3.5B Web Pages from CommonCrawl 2012
Large-scale web crawl dataset containing 3.5 billion web pages from CommonCrawl (2012), suitable for web mining, search, and network analysis research. Listed as part of an awesome-style collection of computer networks datasets.
About this tool
3.5B Web Pages from CommonCrawl 2012
Overview
Large-scale web crawl dataset containing approximately 3.5 billion web pages collected by CommonCrawl in 2012. Intended for research and experimentation in areas such as web mining, search, and network analysis. Listed within an “awesome-style” collection of computer networks datasets.
- Category: Themed directories
- Type: Dataset (web crawl / big data)
- Year of crawl: 2012
- Source: CommonCrawl (referenced via BigDataNews)
- URL: http://www.bigdatanews.com/profiles/blogs/big-data-set-3-5-billion-web-pages-made-available-for-all-of-us
- Tags: datasets, web, big-data
Features
- Contains about 3.5 billion web pages from a large-scale crawl.
- Based on the CommonCrawl 2012 corpus.
- Suitable for web mining research, including:
- Content analysis at large scale
- Topic modeling and classification
- Language and text mining experiments
- Applicable to search and information retrieval research, such as:
- Indexing and ranking experiments
- Query log–independent search evaluation scenarios
- Supports network and graph analysis, including:
- Web graph construction
- Link structure and connectivity studies
- Page-level and domain-level graph metrics
- Appropriate for big data processing frameworks (e.g., Hadoop/Spark-style workflows), given its scale.

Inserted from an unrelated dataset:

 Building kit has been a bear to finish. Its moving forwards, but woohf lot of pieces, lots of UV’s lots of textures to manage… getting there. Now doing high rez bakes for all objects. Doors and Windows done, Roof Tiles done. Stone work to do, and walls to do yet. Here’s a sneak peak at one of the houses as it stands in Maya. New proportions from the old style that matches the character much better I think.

- Included in an awesome-style curated list of computer networks datasets, indicating use as a reference dataset for networking and web research communities.
Use Cases
- Academic and industrial web-scale research projects.

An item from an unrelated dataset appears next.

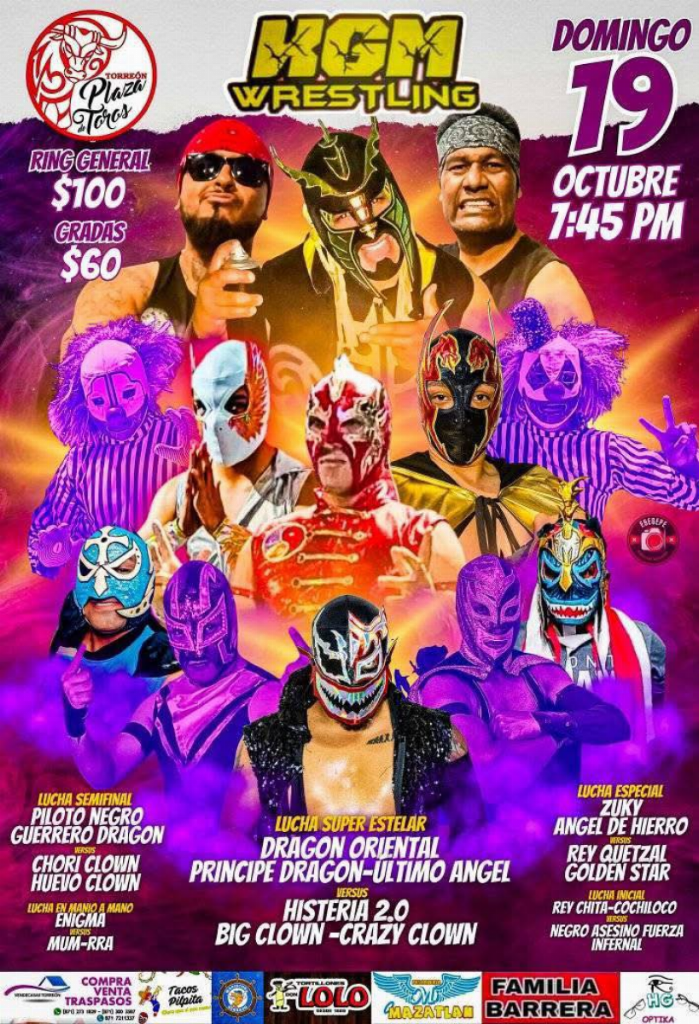 1) Dragón Oriental, Príncipe Dragón, Último Ángel vs Big Clown, Crazy Clown, Histeria 2.0

- Benchmarking big data processing pipelines and distributed systems.
- Building and testing experimental search engines.
- Studying web structure, connectivity, and evolution around 2012.
Pricing
- Not specified in the provided content. (CommonCrawl datasets are typically freely available, but the exact access terms should be confirmed on the linked source.)
Loading more......
Information
Categories
Similar Products
6 result(s)Open repository of petabyte-scale web crawl data spanning multiple years, offering raw web page and metadata for large-scale analytics. A canonical item in many awesome datasets and web data directories.

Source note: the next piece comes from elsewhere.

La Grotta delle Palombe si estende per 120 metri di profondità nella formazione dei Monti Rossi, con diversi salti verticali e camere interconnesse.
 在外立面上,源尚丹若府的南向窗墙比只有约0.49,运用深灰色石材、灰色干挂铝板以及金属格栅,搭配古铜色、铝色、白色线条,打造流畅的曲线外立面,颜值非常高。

Research corpus of about 1 billion web pages collected in 2009 by the Lemur Project, designed for information retrieval and web mining experiments and commonly listed in awesome datasets directories.
Large-scale web crawl dataset of 733 million web pages collected in 2012, maintained by the Lemur Project and widely used for IR research; referenced in awesome-style dataset listings.
The Laboratory for Web Algorithmics (LAW) at the University of Milan provides a structured collection of large‑scale web and hyperlink graph datasets. This page acts as a directory of web graph and network datasets suitable for experiments in web mining, graph algorithms, and network analysis, aligning with "awesome"-type meta-lists of reusable data resources.
Clickstream dataset with 53.5 billion web clicks from 100,000 anonymized users at Indiana University, useful for studying browsing behavior, recommendation, and network traffic patterns; included in an awesome curated datasets list.
Indie Map provides a social graph and crawl data of prominent IndieWeb sites, cataloged in the Awesome Data Project as a specialized social network dataset for IndieWeb communities.